Radiotherapy for Metastatic Spinal Cord Compression with Increased Doses: Final Results of the RAMSES-01 Trial

Presenting author:
Dirk Rades, MD, FASTRO

By Simon S. Lo, MB, ChB, FASTRO, University of Washington
Presenting author - Dirk Rades, MD, FASTRO, University of Luebeck

Dirk Rades, MD, FASTRO, et al. reported the results of a multicenter phase 2 trial (RAMSES-01) on the use of dose escalated precision-radiotherapy (RT) delivering either 2.633 Gy X 15 (EQD2 of 41.6 Gy assuming α/β = 10 Gy) or 2.333 Gy X 18 (EQD2 of 43.2 Gy) to favorable prognosis patients with metastatic spinal cord compression (MSCC) (N = 50 out of the 62 planned). The results were compared to a historical control group of favorable prognosis patients receiving 3 Gy X 10 (EQD2 of 32.5 Gy) (N = 266). The primary endpoint was local progression-free survival (LPFS), which was defined as no deterioration of motor function during RT and no in-field recurrence of MSCC at 12 months. According to the lead investigator, the study protocol mandated that an in-field recurrence of MSCC had to be associated with motor deficits. The secondary endpoints were improvement of motor and sensory functions, post-RT ambulatory status, relief of pain and distress, toxicity and overall survival (OS). The corresponding hotspots allowed to the spinal cord were 101.5% and 101.2%, respectively.

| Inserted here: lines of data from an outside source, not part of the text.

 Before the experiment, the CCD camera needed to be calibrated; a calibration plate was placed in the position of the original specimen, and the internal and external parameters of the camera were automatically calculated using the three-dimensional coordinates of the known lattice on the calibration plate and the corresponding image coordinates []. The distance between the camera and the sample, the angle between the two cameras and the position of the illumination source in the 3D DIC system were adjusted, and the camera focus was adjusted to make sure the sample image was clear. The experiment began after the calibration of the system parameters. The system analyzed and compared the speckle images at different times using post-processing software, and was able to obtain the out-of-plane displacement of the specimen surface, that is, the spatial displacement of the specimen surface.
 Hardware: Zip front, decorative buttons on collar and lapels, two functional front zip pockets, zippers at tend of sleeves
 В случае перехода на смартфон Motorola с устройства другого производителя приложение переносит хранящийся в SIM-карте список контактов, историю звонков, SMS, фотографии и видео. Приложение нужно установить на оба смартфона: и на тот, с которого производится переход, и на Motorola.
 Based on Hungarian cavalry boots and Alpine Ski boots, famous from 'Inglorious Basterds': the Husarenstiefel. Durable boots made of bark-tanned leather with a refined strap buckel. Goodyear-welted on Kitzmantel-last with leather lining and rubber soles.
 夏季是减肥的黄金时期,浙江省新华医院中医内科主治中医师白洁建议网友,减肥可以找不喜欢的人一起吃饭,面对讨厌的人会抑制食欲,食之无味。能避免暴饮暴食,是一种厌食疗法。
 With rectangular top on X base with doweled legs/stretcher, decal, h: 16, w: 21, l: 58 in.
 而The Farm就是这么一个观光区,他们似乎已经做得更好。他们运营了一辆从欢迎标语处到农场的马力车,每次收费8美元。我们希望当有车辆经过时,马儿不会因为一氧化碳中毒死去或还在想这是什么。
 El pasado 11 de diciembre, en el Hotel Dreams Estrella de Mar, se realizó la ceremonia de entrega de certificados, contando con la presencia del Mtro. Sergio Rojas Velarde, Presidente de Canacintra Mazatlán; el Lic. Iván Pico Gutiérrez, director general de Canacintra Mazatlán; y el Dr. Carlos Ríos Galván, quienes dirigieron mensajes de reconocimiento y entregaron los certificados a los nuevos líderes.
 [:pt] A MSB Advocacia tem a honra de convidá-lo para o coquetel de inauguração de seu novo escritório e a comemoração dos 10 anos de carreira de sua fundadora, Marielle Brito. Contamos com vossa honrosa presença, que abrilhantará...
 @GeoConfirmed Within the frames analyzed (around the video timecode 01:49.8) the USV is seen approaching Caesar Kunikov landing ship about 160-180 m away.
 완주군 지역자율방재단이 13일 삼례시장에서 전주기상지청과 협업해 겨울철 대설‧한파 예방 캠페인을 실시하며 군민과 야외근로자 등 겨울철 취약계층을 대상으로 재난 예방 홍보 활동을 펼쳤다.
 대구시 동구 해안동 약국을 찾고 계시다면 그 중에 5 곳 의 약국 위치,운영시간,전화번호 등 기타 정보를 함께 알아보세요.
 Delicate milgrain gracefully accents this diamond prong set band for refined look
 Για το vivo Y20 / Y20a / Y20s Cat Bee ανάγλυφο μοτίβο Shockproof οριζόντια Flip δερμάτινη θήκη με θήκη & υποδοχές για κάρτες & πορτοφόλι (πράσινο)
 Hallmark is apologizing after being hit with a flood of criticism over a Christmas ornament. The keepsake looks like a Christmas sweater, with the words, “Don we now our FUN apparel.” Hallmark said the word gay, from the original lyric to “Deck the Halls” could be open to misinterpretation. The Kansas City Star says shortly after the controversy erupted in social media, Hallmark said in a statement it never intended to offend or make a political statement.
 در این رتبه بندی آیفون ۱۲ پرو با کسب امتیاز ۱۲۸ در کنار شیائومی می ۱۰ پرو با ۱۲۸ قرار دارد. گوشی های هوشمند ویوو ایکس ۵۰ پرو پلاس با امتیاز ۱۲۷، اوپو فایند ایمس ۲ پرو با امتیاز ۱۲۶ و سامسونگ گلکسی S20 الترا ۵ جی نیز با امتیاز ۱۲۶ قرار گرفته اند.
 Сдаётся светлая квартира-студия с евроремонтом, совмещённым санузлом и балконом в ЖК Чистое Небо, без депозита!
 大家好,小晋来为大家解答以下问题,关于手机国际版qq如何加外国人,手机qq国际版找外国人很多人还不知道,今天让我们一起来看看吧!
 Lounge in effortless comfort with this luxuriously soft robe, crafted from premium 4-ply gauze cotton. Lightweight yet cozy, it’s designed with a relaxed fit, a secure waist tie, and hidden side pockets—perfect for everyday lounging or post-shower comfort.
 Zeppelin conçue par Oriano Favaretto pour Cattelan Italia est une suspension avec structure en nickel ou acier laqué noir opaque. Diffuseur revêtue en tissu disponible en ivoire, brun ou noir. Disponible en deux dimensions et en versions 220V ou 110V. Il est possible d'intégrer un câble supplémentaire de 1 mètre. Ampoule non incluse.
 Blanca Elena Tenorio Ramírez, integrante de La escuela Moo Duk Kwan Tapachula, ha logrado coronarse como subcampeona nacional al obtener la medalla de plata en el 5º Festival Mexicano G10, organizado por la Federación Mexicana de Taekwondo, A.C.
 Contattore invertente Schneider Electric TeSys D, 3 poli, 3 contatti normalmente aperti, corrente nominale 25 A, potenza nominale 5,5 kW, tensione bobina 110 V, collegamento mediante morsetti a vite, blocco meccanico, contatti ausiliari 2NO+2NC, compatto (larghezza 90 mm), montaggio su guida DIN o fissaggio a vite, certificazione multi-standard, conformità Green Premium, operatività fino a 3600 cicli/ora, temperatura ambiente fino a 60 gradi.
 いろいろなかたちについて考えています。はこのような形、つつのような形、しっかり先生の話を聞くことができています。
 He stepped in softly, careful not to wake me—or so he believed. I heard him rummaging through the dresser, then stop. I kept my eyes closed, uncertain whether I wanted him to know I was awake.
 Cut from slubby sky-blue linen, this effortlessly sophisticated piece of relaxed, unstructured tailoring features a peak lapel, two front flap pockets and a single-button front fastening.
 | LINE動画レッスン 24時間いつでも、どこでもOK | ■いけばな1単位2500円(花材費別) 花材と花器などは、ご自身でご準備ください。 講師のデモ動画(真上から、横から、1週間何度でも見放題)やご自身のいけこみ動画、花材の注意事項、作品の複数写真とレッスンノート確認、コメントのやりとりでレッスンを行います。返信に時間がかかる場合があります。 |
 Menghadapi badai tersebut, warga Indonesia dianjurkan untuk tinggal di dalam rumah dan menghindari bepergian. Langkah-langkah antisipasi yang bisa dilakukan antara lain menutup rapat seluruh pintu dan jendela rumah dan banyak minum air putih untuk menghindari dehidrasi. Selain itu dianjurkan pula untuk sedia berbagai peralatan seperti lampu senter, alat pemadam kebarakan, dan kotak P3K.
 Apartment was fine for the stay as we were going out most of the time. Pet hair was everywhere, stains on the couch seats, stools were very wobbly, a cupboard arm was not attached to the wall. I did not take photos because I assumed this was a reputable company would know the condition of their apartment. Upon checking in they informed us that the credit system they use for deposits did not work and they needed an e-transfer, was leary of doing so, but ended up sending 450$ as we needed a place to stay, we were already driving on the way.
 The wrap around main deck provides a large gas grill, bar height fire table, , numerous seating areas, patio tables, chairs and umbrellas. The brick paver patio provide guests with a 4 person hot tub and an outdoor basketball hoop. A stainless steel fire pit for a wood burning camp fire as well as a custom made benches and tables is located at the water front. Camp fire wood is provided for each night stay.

The trial was terminated after 50 patients were enrolled due to the worse than expected OS that resulted in the development of a new survival score, which this trial was not based on. Among the 50 patients enrolled, the 12-month LPFS and OS were 97.6% and 69.9%, respectively. Improvement of motor function was observed in 56% of the patients and 94% of the total group were ambulatory after RT. Within three months after RT, improvement of pre-RT sensory deficits and pain were observed in 57.2% (12 of 21) and 84.4% (38 of 45) of the patients, respectively. Relief of distress was reported in 78% of the patients. Grade 2 (esophagitis/dysphagia) and 3 (diarrhea/esophagitis) toxicities were observed in 20% and 4% of the patients, respectively. When compared to the historical control group, the RAMSES-01 cohort showed significantly better LPFS (p = 0.046) and a trend toward improvement of motor function (p = 0.057) after propensity score adjustment although post-RT ambulatory (p = 0.56) and OS rates (p = 0.62) were not significantly different.

The authors concluded that dose escalated precision RT was sufficiently well tolerated and yielded significantly better long term PFS compared to 3 Gy X 10 for favorable prognosis patients with MSCC and therefore appeared to be more preferable for this patient group.

Regarding the study, Dr. Rades remarked, "I am very happy that the collaboration between the participating centers from Europe and Northern America has worked so well during this project. Moreover, I am satisfied that we have reached the primary goal of the study, although we had to close it after 80% of the planned sample size/number of patients. I hope that our study will make a contribution to personalization and improvement of the treatment for patients with MSCC."
 


Abstract 244 - Radiotherapy for Metastatic Spinal Cord Compression with Increased Doses: Final Results of the RAMSES-01 Trial was presented on October 3, 2023, during the SS 25: CNS 1: CNS Metastases & Avoidance of Toxicity session at the 2023 ASTRO Annual Meeting.